The 1973 NASCAR Winston Cup Series was the 25th season of professional stock car racing in the United States and the 2nd modern-era Cup season. The season began on Sunday January 21 and ended on Sunday October 21. 31 races were scheduled in the 1973 season. 28 were held.

Benny Parsons was crowned Winston Cup champion at the end of the season finishing 67 points ahead of Cale Yarborough. Lennie Pond was named NASCAR Rookie of the Year, succeeding Larry Smith, who was fatally injured in the year's Talladega 500. David Pearson dominated the season winning 11 of the 18 races he entered.  Ten of Pearson's wins were on superspeedways, setting a NASCAR record for superspeedway wins that lasted until Bill Elliott broke it in 1985.

Pre-season changes

Rule changes 
Rule changes made in late November 1972 adjusted maximum carburetor sleeve sizes depending upon the type of engine and manufacturer of a given car. As NASCAR President Bill France Jr. explained, the goal of the adjustments was to differentiate between engines manufactured specifically for racing, and "volume production" engines that came off a consumer assembly line. This was done "...so the events next year can continue to be representative of the type of the extremely close competition that has been typical of NASCAR racing."

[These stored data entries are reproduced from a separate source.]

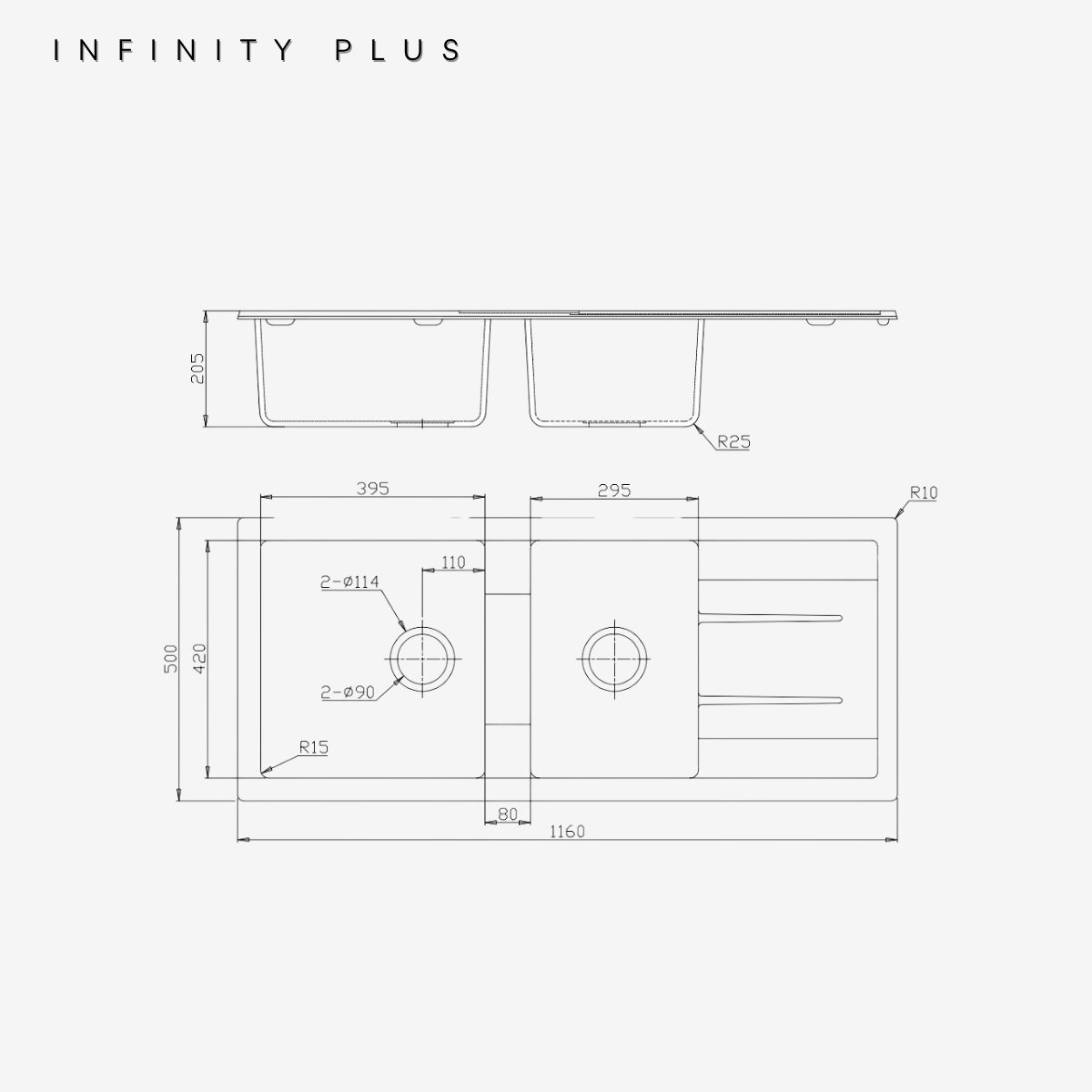 - Composite Granite Sink (80% Granite), making our sinks ultra-durable and scratch resistance.
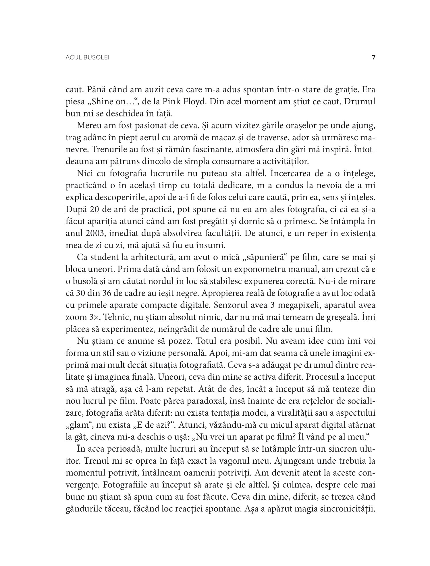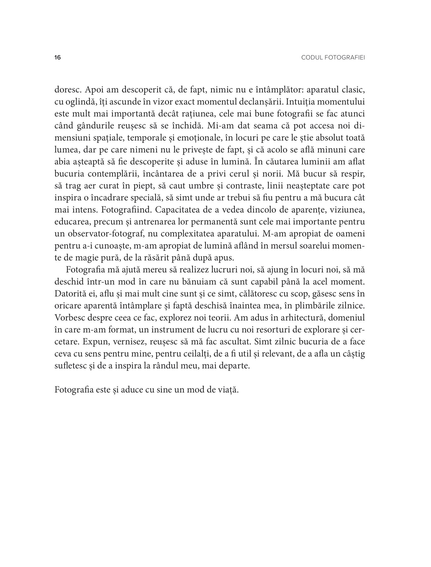 Ghid pentru călătorii interioare și instrumentar estetic, cartea lui Vlad Eftenie e la îndemâna oricui vrea să lase în plan secund setările aparatului și să se acordeze la emoția locului și a clipei, pentru a o surprinde în fotografii irepetabile.
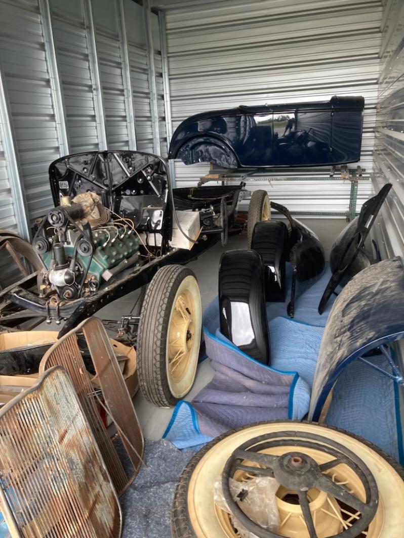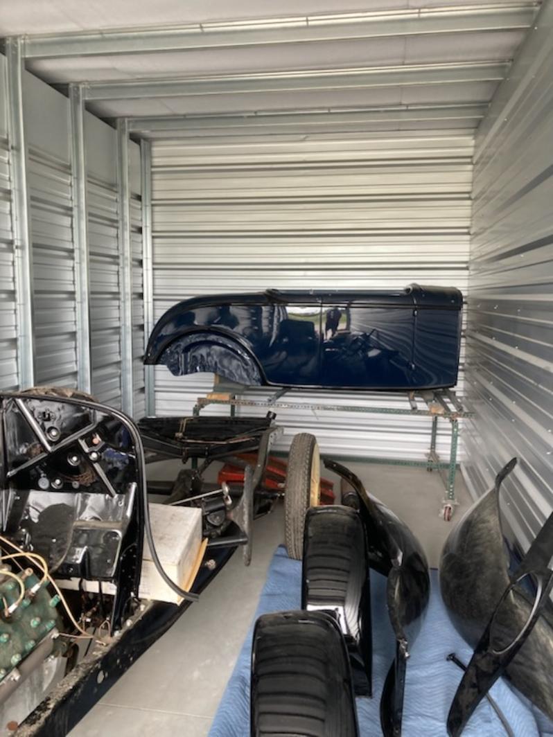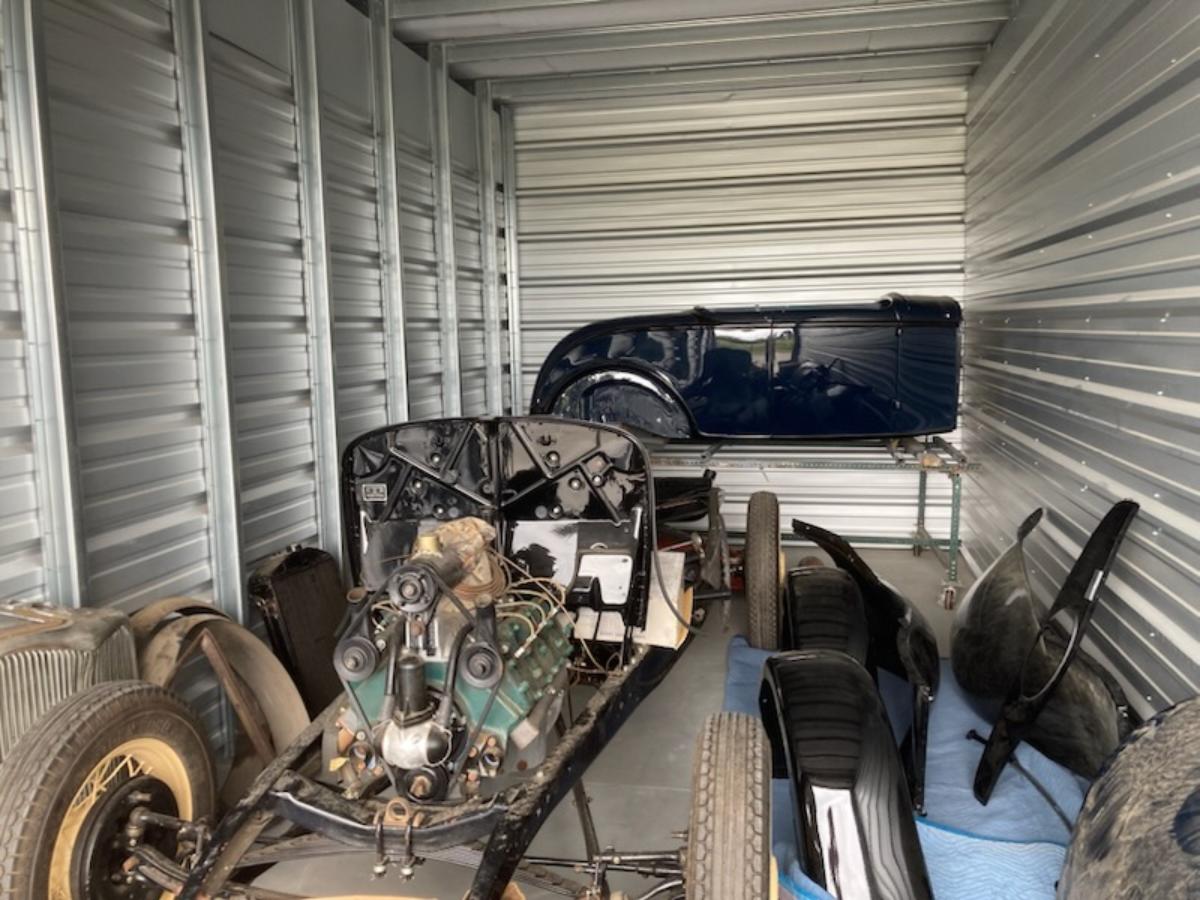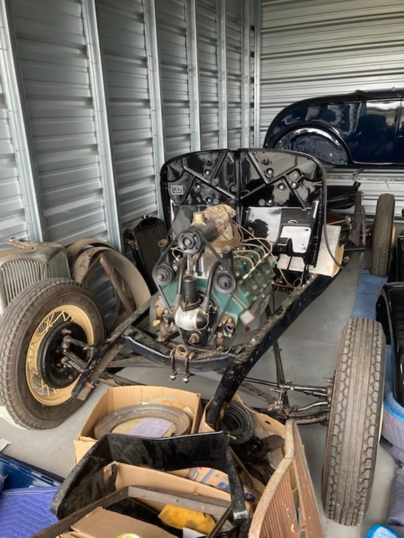 1932 Ford Roadster Project with most parts included. Steel body, fenders, grill, trunk lid for rumble seat. Rolling chassis with flathead V-8.
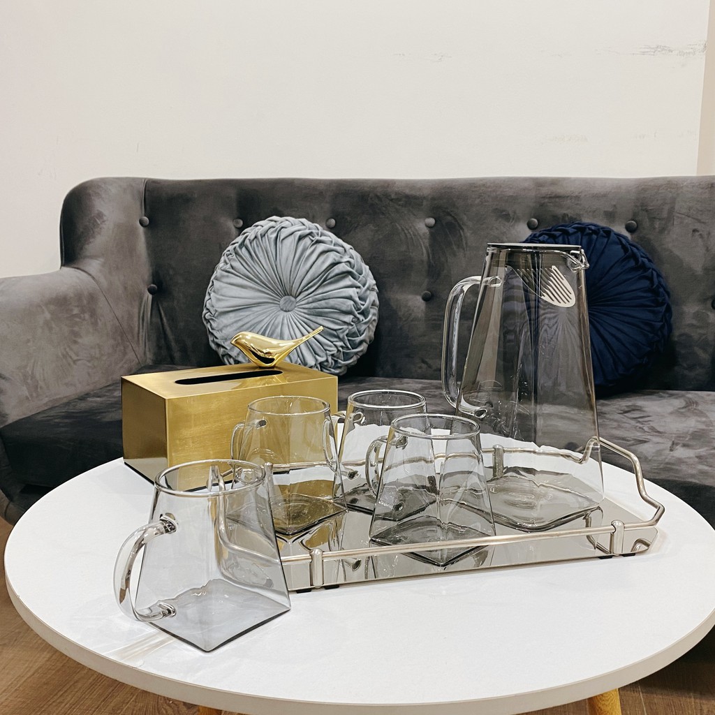 Bộ gồm: 1 khay hợp kim tráng gương, 1 bình, 4 cốc ( hoặc 6 cốc )
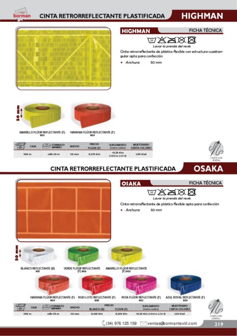 NARANJA FLÚOR REFLECTANTE (F) ROJO LOTO REFLECTANTE (F) ROSA FLÚOR REFLECTANTE (F) AZUL ROYAL REFLECTANTE (F)
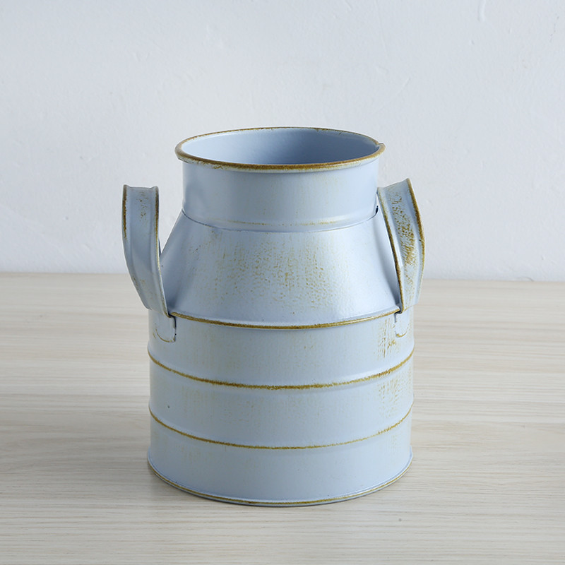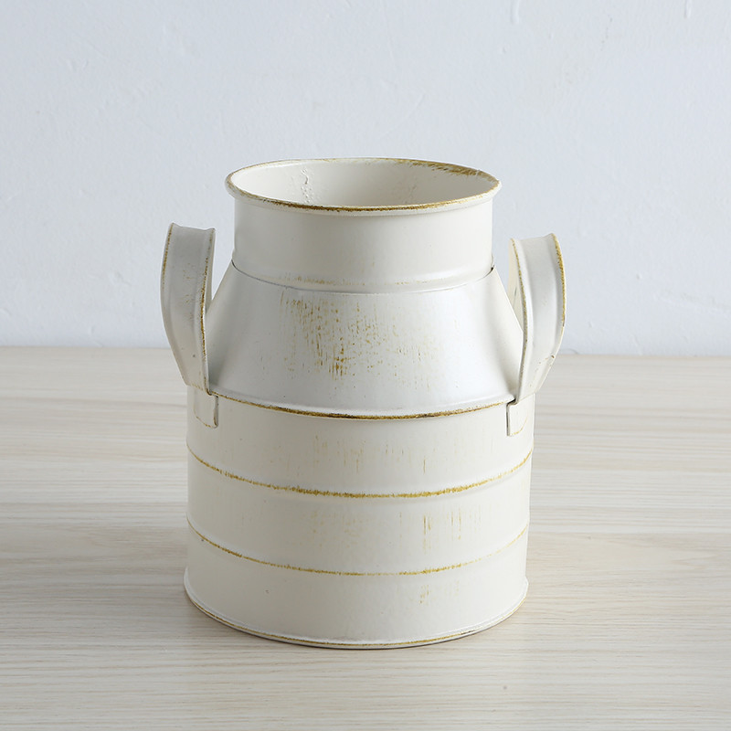 复古做旧奶壶干花器双耳铁皮壶型花盆假花装饰插花桶桌面装饰摆件

In 1973, the NASCAR points system was changed. In 1972, only the number of laps completed in a race (regardless of position) counted toward the accumulation of points. In 1973, points were awarded both for the number of laps in a race completed, and for a finish in the top 50 in a race, a higher placing receiving more points. Additionally, the first-place finisher received a 25-point bonus.

Team changes 
Bobby Allison left Richard Howard's racing team, and would drive his own Chevrolet in 1973. Bobby Allison's team would also furnish a car for his brother, Donnie Allison and the new DiGard Racing team.  Taking Bobby's place on the Howard racing team would be Cale Yarborough, returning from the USAC Stock Car division.

Richard Petty, driver and owner of Petty Enterprises, expected to be racing exclusively in Dodge automobiles in 1973 (rather than the mix of Dodge and Plymouth the team had been).

Buddy Baker, who took over at Krauskopf Racing after Bobby Isaac left that team after the 1972 Southern 500, now signed up with Krauskopf for the full 1973 season, driving Dodges.

Retirements 
Fred Lorenzen, a NASCAR notable, ended his career with the end of the 1972 season.

Schedule
31 Winston Cup races were scheduled for the 1973 season. In the end it had 28 races, as well as two exhibition races. The schedule also includes two 125 Mile Qualifying Races, which are the qualifying races for the Daytona 500.

Key changes from 1973 include:

 Bristol and Atlanta swap their March/April race dates.
 The spring race at North Wilkesboro moved to the seventh race of the season.
 North Wilkesboro and Martinsville swap their September race dates.
 A second race at Fairgrounds Speedway returned to the Cup Series after a seven year absence, The race was held before the World 600 at Charlotte.
 The race at Texas World Speedway moved to round fourteen of the season.
 Riverside and Michigan swap their June race dates.
 Texas World Speedway's Texas 500 was removed after a single year.
 The Miller High Life 500 was set for March 4. Was not held because of financial difficulties (and an ownership change completed January 4, 1973) at Ontario Motor Speedway.
 The Northern 300 was Rained out on race day, then postponed until August 5 and finally cancelled at the request of the promoter on July 27 (insufficient time to promote the race).
 The Yankee 400 was cancelled on June 7 by track owner Roger Penske, citing the tight schedule of races the track had to accommodate in Summer 1973.

Race recaps 
Winston Western 500 - Indycar and road racing star Mark Donohue drove an AMC Matador with a set of disc brakes - new for racing at the time - and led 138 laps en route to the win.  David Pearson won the pole but never led and fell out with clutch failure, while Richard Petty started fifth and led 39 laps before his engine failed while leading on Lap 95.  Bobby Allison finished second driving a self-fielded Chevrolet following a surprise divorce from the Richard Howard team.  Cale Yarborough, new driver for Howard's team with the cars renumbered to #11, fell out with transmission failure.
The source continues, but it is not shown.